Because no one else is doing it, I’m going to take the hit. Feather Fall in D&D 5e prevents falling damage, not fall damage. Sorry to ruin the pun, but someone had to.
You did not successfully ruin the pun, as it has been made clear it does not live or die by the Ing.
However, you did ruin the mood. I banish you to a lower tier.
Hey, at least 16 people enjoyed my contribution, and I think I got some down votes so more than that. I think I did fine. Also, banishment only lasts for 1 minute, so I’m back.
The English language still backs it up. If you fall, you are falling. Simply because there is an ing missing from the text of a thing not said in the joke doesn’t mean that the joke doesn’t work. On top of that there’s the whole part of how the DM is God in a game, not the DMG or the rule book.

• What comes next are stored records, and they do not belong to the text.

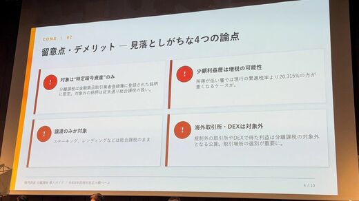 「分離課税にするというのは、国策として優遇するということ。ならば、国策として優遇すべき暗号資産とは何か、という考え方になる」。税理士の八木橋氏はそう背景を説く。無差別にすべての銘柄に恩恵を与えるわけにはいかない、という論理だ。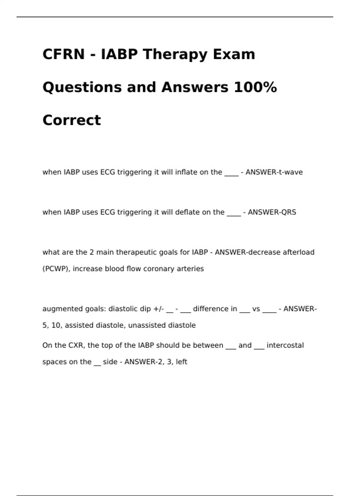 IABP (Intra-Aortic Balloon Pump) THERAPY EXAM BUNDLE (PACKAGE DEAL) -QUESTONS AND ANSWERS 100% CORRECT!!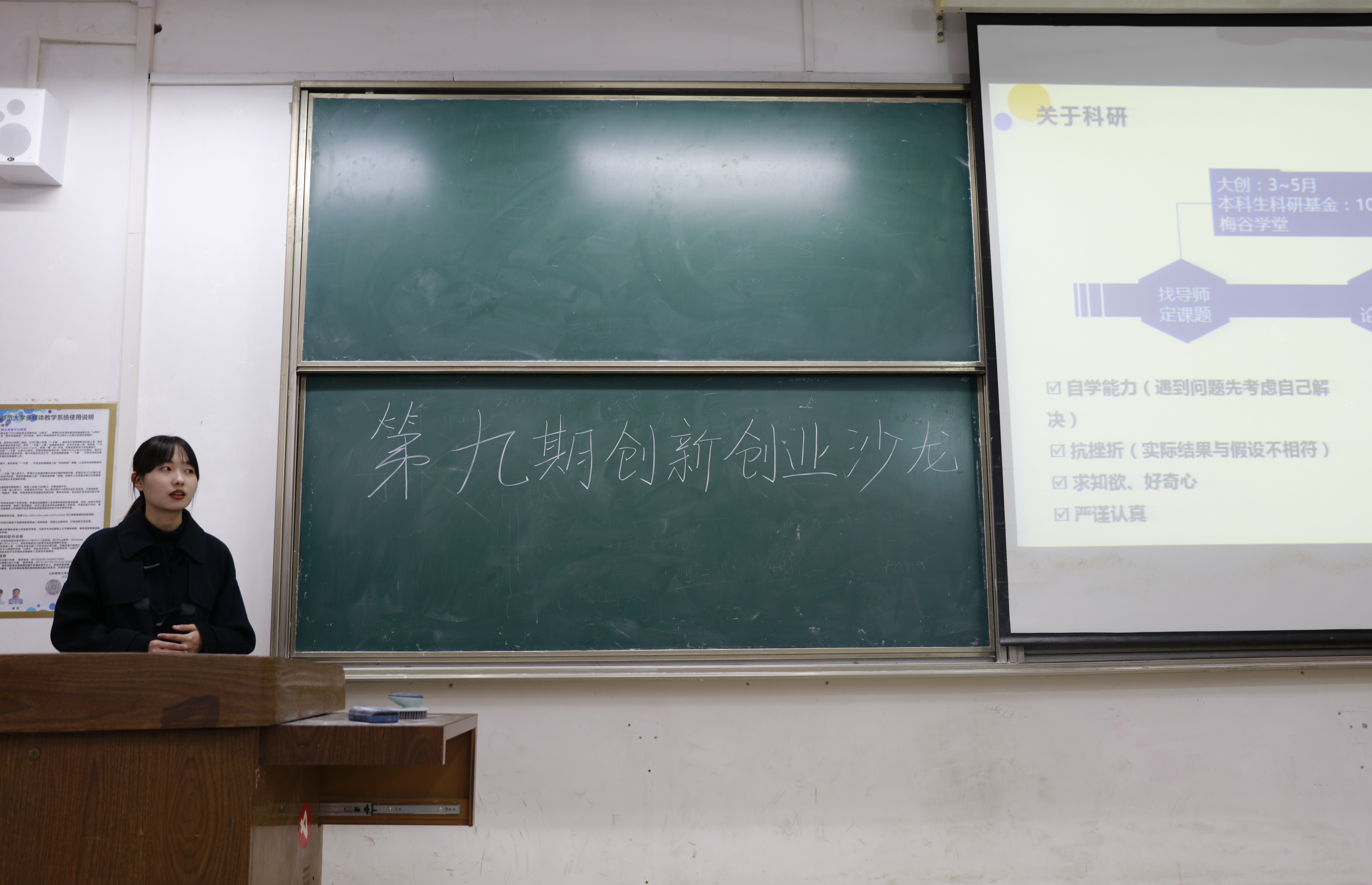 为引导学生积极参与创新创业大赛,激发同学们职业规划的能动性,12月7日,商学院学生会青年发展部于文渊楼C区127室举办第九期创新创业沙龙活动。由曾参与国家级大创项目、以第一作者身份发表两篇国家级期刊论文、投稿一篇CSSCI期刊论文且已进入终审阶段、现已推免至中国海洋大学的张璐及“互联网+”创新创业大赛一项省级银奖和一项省级铜奖、Mathor Cup数学建模国家级三等奖获得者、现已推免至山东大学的冯爱静担任主讲人,商学院百余名学生积极参会。

You didn’t ruin anything. Just weirdly pedantic for no reason
Weirdly pedantic is fun sometimes, and I’d say especially so with D&D 5e rules that often are very poorly worded.
Damage taken from being the Fall season would be called “Fall damage” in English though. It is not a verb that you did, it is a noun that is. You are not falling. It is fall. Falling is only from a present tense verb of fall.
Sorry to be more pedantic.
Damage taken from being the Fall season would be called “Fall damage” in English though.
If I’m in a fight, I’m fighting. If I’m on a walk, I’m walking. On a hike? Hiking. If I’m at a party, I’m partying. If there’s rain in the air, it’s raining. If I’m applying butter to my toast, I’m buttering my toast. If I’m on a boat, I’m boating. If I’m in the middle of a fall, I’m falling.
Is it hard to understand that someone is referring to the act of entering Fall (or being in the middle of Fall) when they call it “falling?”
Regardless of whether you find that difficult to understand or to accept, it’s a well-established linguistic phenomenon known as “verbification.”
You are not falling. It is fall. Falling is only from a present tense verb of fall.
You’re wrong on several counts.
First, you don’t suffer “falling damage” from falling. You suffer it from landing after falling (refer to page 183 of the PHB if you don’t believe me). However, casting Feather Fall is a reaction that you can take when you or another creature “falls,” so it was appropriate to cast it at the start of the season.
Second, “falling” is not the present tense of “fall.” The simple present tense of “fall” is “fall” or “falls,” but other “present tenses” include: the present perfect simple (“He has fallen”), present progressive/continuous, and present perfect progressive.
“Falling” is the present participle, and it can be used both as an adjective (“The falling bard”) and as part of the past continuous/progress (“The bard was falling”), present continuous/progressive (“The bard is falling”), and future continuous/progressive (“The bard will be falling”) verb tenses, as well as with their perfect variants (had been falling, has been falling, will have been falling).
Since we have all decided to be pedantic, ‘falling’ is not the past tense of ‘fall’.
Its like a participle or gerund or some shit that means it is happening now. edit either I misread or original message was edited. Regardless others have thoroughly beaten me at being pedantic.
Can someone explain?
They entered into fall, so the bard prevented fall damage by using feather fall.
Another word for the season of Autumn is Fall.
Thus, the DM is about to make a pun about Fall damage. The player of the bard notices the incoming pun, takes defensive action via casting a counter-pun spell, and thus prevents a table full of groaning and moaning, and possibly even laughter.
Laughter from a pun like this is a rare thing, a charisma check of 19 with disadvantage.
DM: Instead of leaves, the forest is covered in what appears to be goose down.